Extracted records:
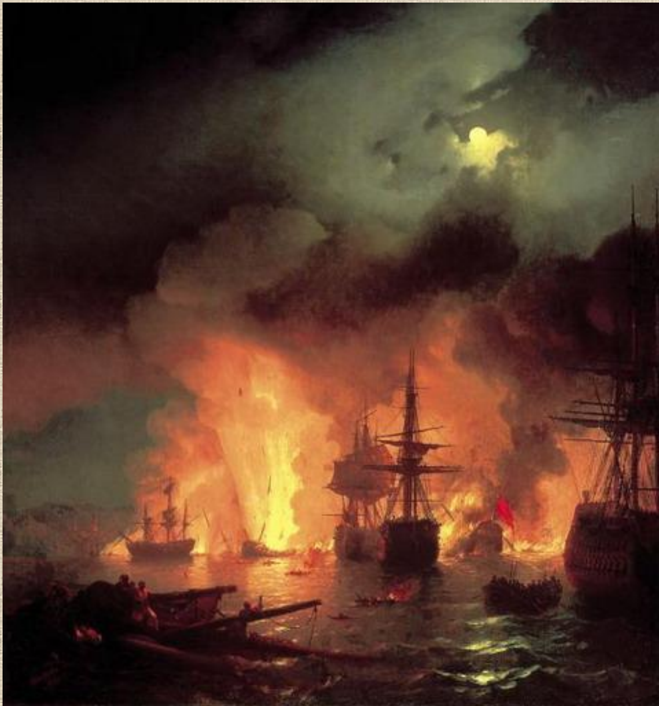
И.К. Айвазовский. Чесменский бой.
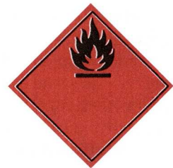
Eldhætta (eldfimur vökvi)
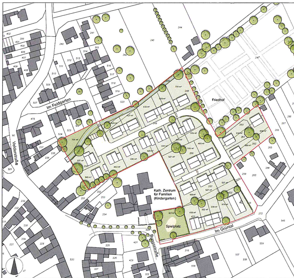
Abb.: Geltungsbereich des Bebauungsplans Titz Nr. 42, Ortslage Titz (o. Maßstab)

Der Geltungsbereich des Bebauungsplanes ist im nachstehenden Planausschnitt dargestellt. Maßgebend ist die Festsetzung des räumlichen Geltungsbereichs gem. § 9 Abs. 7 BauGB im Entwurf des Bebauungsplanes Titz Nr. 42, Ortslage Titz, gelegen im Bereich Im Feldgarten und Im Grüntal.
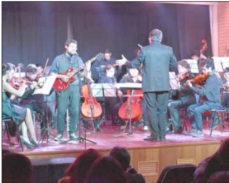
VIBRA LA MÚSICA.- Cientos de artistas locales, del valle y de otras comunas, han presentado su trabajo artístico en este reducto de la cultura.

Este sábado 27 a las 19:00 horas se abren las puertas para celebrar junto a toda la comunidad este nuevo aniversario entregando cultura y arte para todos.
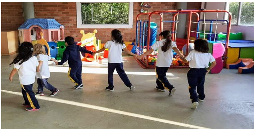
Ilustración 5: Juego cooperativo

Palabras de la profe: “hoy será juego libre”. “Profe y si mejor jugamos todos juntos” respuesta de una niña de 7 años (2019).
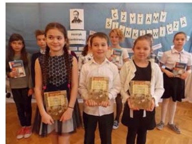
*22 XII 2016 r.- Szkolne jasełka- wigilia. Przegląd kolęd.
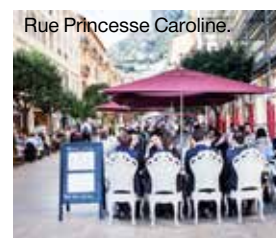
Rue Princesse Caroline.
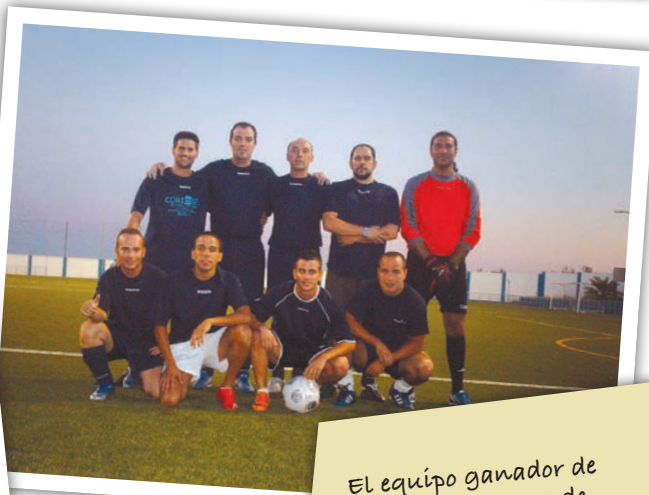
El equipo ganador de la Liga de verano de aficionados disputada durante la época estival.
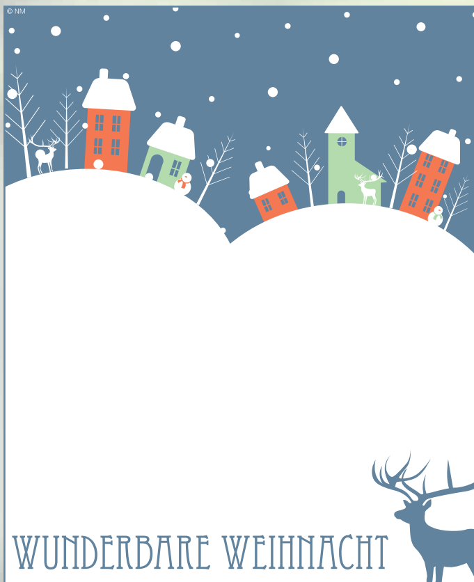
WA17_018: 2-spaltig, 110 mm
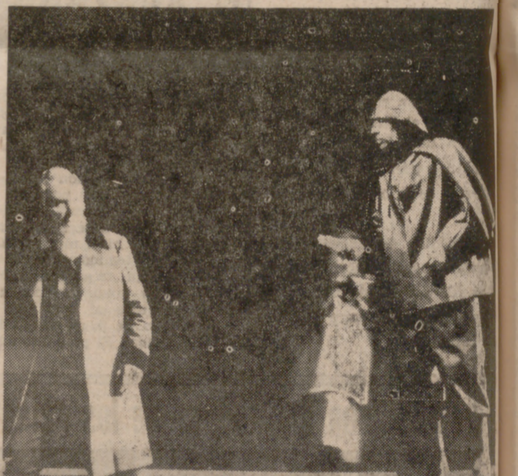
Una escena de "Romance de lobos"

Hoy, debut de la Compañía del Marqués Guerrero con "Romance de lobos"
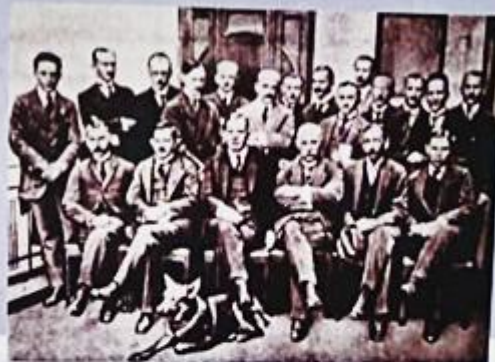
Polski Komisariat Plebiscytowy na Górnym Śląsku

Wojciech Korfanty wrócił do polityki w obliczu klęski Rzeszy pod koniec I wojny światowej. Wziął udział w uzupełniających wyborach do Reichstagu w czerwcu 1918 roku w okręgu gliwicko-lublinieckim i uzyskał mandat poselski. Otrzymał nawet poparcie ze strony niemieckiej. 25 października 1918 roku w wystąpieniu w Reichstagu domagał się przyłączenia do Polski „polskich powiatów Górnego Śląska”.
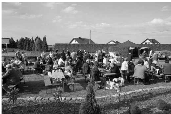
Goście stowarzyszenia „Razem”
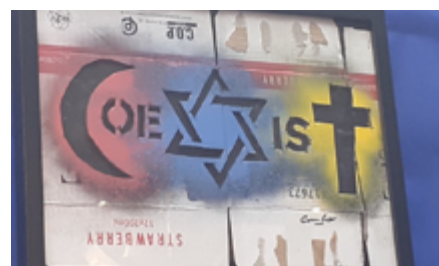
Combo-festival Colors 2022

La pratique laïque française se caractérise aussi par l'accent particulier mis sur la neutralisation religieuse des bâtiments de l'État, des collectivités territoriales et des services publics et sur le devoir de neutra-

### [PROBLEM REQUIREMENTS]
Exact copies of the lines from the one containing "wigilia. Przegląd kolęd." through the end of the records above are required, with no pictures among them.

### [WORKED SOLUTION]
*22 XII 2016 r.- Szkolne jasełka- wigilia. Przegląd kolęd.
Rue Princesse Caroline.
El equipo ganador de la Liga de verano de aficionados disputada durante la época estival.
WA17_018: 2-spaltig, 110 mm
Una escena de "Romance de lobos"

Hoy, debut de la Compañía del Marqués Guerrero con "Romance de lobos"
Polski Komisariat Plebiscytowy na Górnym Śląsku

Wojciech Korfanty wrócił do polityki w obliczu klęski Rzeszy pod koniec I wojny światowej. Wziął udział w uzupełniających wyborach do Reichstagu w czerwcu 1918 roku w okręgu gliwicko-lublinieckim i uzyskał mandat poselski. Otrzymał nawet poparcie ze strony niemieckiej. 25 października 1918 roku w wystąpieniu w Reichstagu domagał się przyłączenia do Polski „polskich powiatów Górnego Śląska”.
Goście stowarzyszenia „Razem”
Combo-festival Colors 2022

La pratique laïque française se caractérise aussi par l'accent particulier mis sur la neutralisation religieuse des bâtiments de l'État, des collectivités territoriales et des services publics et sur le devoir de neutra-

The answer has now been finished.